Paul Messina , managing director of Fare & Square, at Ninth and Trainer Streets, where Chester's last supermarket, a Shop n Bag, closed in 1998. MICHAEL BRYANT / Staff Photographer
Paul Messina , managing director of Fare & Square, at Ninth and Trainer Streets, where Chester's last supermarket, a Shop n Bag, closed in 1998. MICHAEL BRYANT / Staff Photographer
Posted: July 27, 2013

After a decade with no supermarket, making it one of the nation's most parched food deserts, Chester will soon have two.

Groundbreaking for a Bottom Dollar is scheduled for Friday, while construction on Philabundance's Fare & Square, halted for most of July because of changes in the configuration, is ready to resume Monday.

"We're back flowing, full speed ahead; all is going well," said Paul Messina, managing director of Fare & Square, at Ninth and Trainer Streets, the site of Chester's last supermarket, a Shop n Bag that closed in 1998.

The project was delayed because of some problems with Family Dollar, which shares its 21,000-square-foot space. The supermarket, which takes up 14,000 square feet, had to be configured from a traditional square space to one that is long and narrow.

"It made it a bit more of a challenge," Messina said, "but I feel we've come up with a really, really good layout that is very shopable and flows nicely."
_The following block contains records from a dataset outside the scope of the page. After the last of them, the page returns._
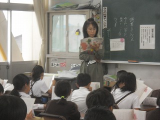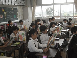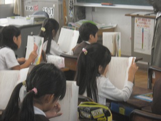 3年生が国語で、「ちいちゃんのかげおくり」を朗読していました。全員で教科書を持ちながら、交代で読んでいきます。長い話ですがどんどん読んでいきました。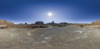 a large area with rocky terrain and blue sky in the background with a sun shining
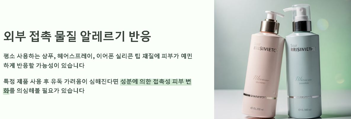 평소 사용하는 샴푸, 헤어스프레이, 혹은 이어폰의 실리콘 팁 재질에 대해 피부가 예민하게 반응할 가능성이 있는 것으로 보입니다. 특정 제품을 사용한 뒤에 유독 가려움이 심해진다면 성분에 의한 접촉성 피부 변화는 아닌지 검토해 볼 가치가 있습니다.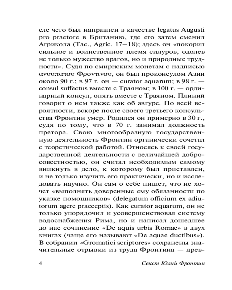 В данный момент этот товар отсутствует в продаже. Возможно, у нас найдется аналогичный или похожий товар здесь. Серия: Эксклюзивная классика Секст Юлий Фронтин (30-103 гг.) — древнеримский политический деятель, полководец, администратор, ученый и писатель. Тацит называл его «великим мужем», Плиний Младший был в числе его друзей, Марциал упоминал о нем в своих эпиграммах, а для военных историков он был безусловным авторитетом.

Opening will be late September.

While the store will carry traditional products, its focus will be on healthy foods from area producers.
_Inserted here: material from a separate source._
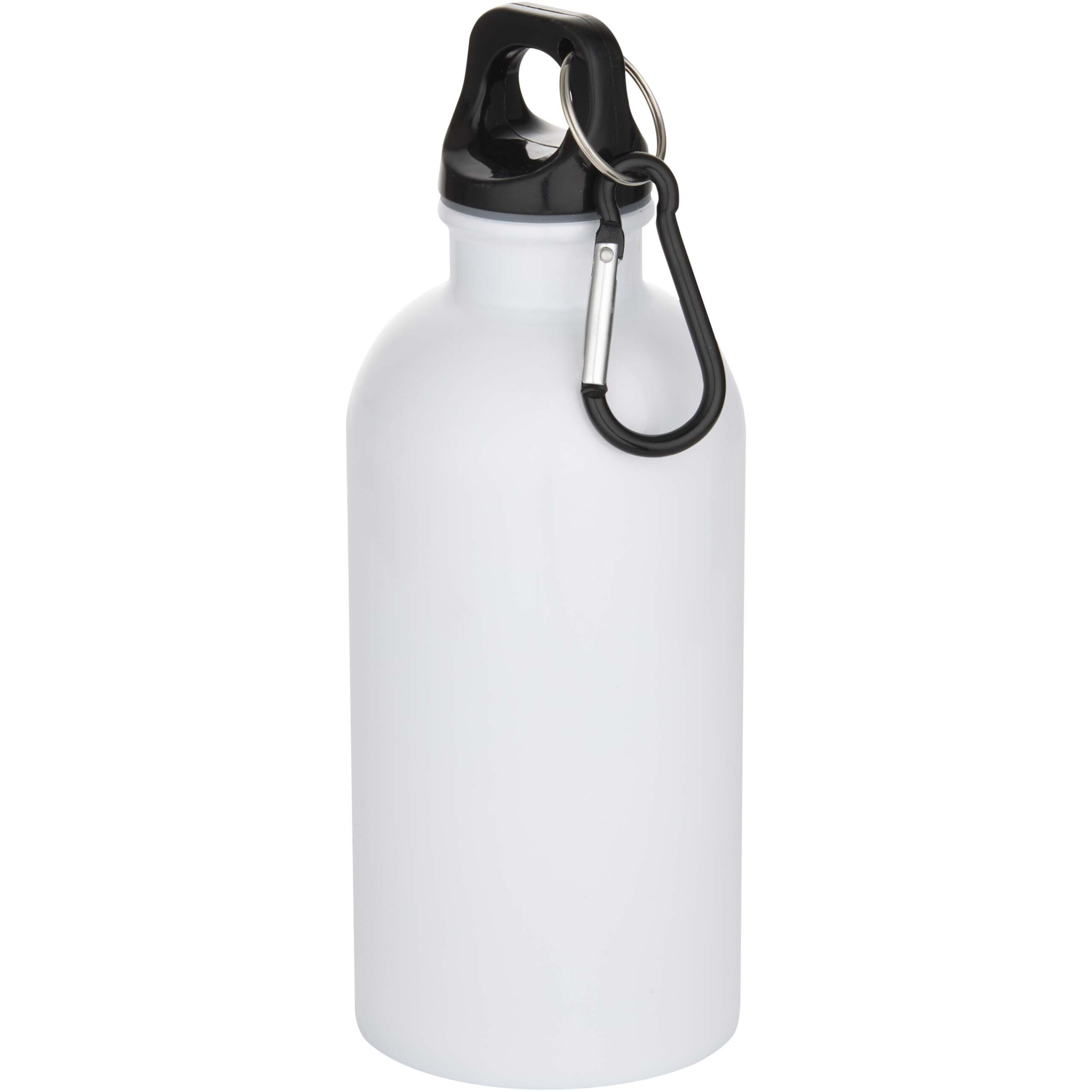Vienmēr uzturiet hidratāciju ar šo izturīgo, bet vieglo 400 ml ūdens pudeli, kas izgatavota no RCS sertificēta pārstrādāta nerūsējošā tērauda ar īpašu sublimācijas pārklājumu. Tā ir lieliska sabiedrotā sportam, vienas dienas izbraucieniem vai birojam. Viensienas Oregon pudelei ir skrūvējams vāciņš, un tā piedāvā daudz vietas jebkura veida logotipa pievienošanai. Droši piestipriniet pievienoto karabīni (nav piemērota alpīnismam) pie somas, lai tā nepazustu.

Messina said the store plans to buy local produce as much as possible and has already teamed up with some local vendors, such as Buono Bros., a Chester bread company.

Meanwhile, about 70 people have enrolled in Philabundance's five-week industry training course, said Cathy Doherty, who runs the program. The course is for a variety of industries, but graduates "will learn what they need to know in order to be great applicants" for supermarket jobs, she said.
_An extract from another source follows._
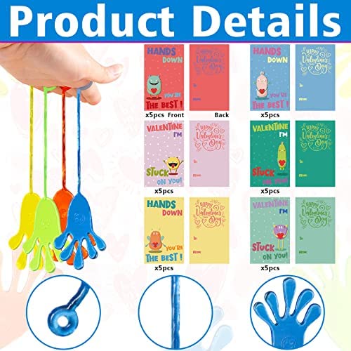 ✔️【VALENTINES GIFT CARD】Kids valentines day cards kit includes 30pcs valentines greeting cards and 30pcs hands and hearts sticky toys. The colorful and funny valentine’s cards design will be popular with boys and girls, a great valentine’s greeting gift to exchange on Valentine’s Day.

Philabundance has already hired several managers but plans to hire from 35 to 50 workers who will be paid $8 to $9 an hour with bonuses and differential for working weekends and holidays. After a few years, workers can expect to earn $11 to $12 an hour, Doherty said.

As a nonprofit grocery, "we need to keep our prices low and at the same time employ as many people as we can," she said.

Philabundance is also holding events to get people to sign up for free memberships.

Not far from Fare & Square, the Bottom Dollar market will occupy an 18,074-square-foot building on the northwestern corner of Edgmont Avenue and 15th Street.

Groundbreaking is 11 a.m. Friday and construction is expected to continue through early 2014, spokeswoman Christy Phillips-Brown said. Forty to 50 people are expected to be hired.

The store is part of a discount grocer with 38 stores in the Philadelphia area. The developer of the property is Richard Soloff.

Jacqueline Parker, executive director of the Chester Economic Development Authority, said the fact that the new Bottom Dollar was privately funded proves that "there are viable opportunities for investment in the city of Chester."

The bigger picture, she said, "shows that momentum can build for other types of development, not necessarily a supermarket, but other retail endeavors."